[What the task asks]:
Each line of the data below between the one containing "Длительность сна, необходимая" and the one containing "Even measuring a", both included, is to be repeated exactly. Please omit pictures.

[Excerpted data]:
━━━━━━━━━━━━━━━━━━━━━━━━━━━━━━

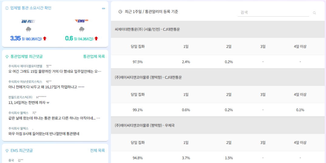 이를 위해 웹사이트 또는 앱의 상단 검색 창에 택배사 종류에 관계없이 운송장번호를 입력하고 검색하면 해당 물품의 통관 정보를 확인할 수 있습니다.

━━━━━━━━━━━━━━━━━━━━━━━━━━━━━━

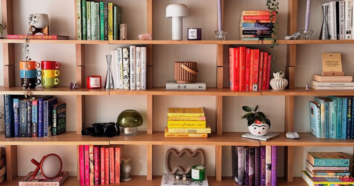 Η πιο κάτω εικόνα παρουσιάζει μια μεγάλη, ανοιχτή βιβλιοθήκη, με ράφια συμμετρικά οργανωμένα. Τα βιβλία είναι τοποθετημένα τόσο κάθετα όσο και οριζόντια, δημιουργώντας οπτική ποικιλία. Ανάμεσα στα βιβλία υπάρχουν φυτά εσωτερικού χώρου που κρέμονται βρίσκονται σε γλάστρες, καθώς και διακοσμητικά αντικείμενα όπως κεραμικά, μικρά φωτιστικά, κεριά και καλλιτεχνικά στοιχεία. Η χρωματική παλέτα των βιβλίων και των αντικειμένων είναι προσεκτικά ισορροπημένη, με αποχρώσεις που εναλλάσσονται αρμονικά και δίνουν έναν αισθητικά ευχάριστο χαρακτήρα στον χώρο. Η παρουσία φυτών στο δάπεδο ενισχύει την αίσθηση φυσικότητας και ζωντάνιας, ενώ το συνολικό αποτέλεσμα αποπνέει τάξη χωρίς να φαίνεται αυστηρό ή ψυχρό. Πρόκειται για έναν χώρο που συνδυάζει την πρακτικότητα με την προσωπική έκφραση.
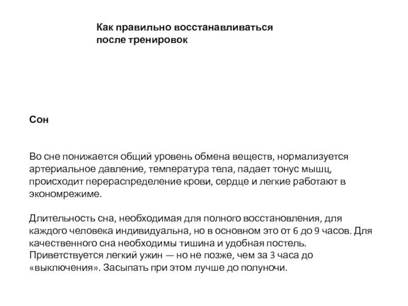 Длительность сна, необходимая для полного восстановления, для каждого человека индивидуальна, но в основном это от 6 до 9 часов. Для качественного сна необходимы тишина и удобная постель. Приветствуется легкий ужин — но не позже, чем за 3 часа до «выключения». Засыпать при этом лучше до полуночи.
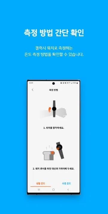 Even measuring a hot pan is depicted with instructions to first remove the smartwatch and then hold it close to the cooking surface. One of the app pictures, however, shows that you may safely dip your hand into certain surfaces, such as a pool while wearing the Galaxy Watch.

━━━━━━━━━━━━━━━━━━━━━━━━━━━━━━

[Solution for this exercise]:
 Длительность сна, необходимая для полного восстановления, для каждого человека индивидуальна, но в основном это от 6 до 9 часов. Для качественного сна необходимы тишина и удобная постель. Приветствуется легкий ужин — но не позже, чем за 3 часа до «выключения». Засыпать при этом лучше до полуночи.
 Even measuring a hot pan is depicted with instructions to first remove the smartwatch and then hold it close to the cooking surface. One of the app pictures, however, shows that you may safely dip your hand into certain surfaces, such as a pool while wearing the Galaxy Watch.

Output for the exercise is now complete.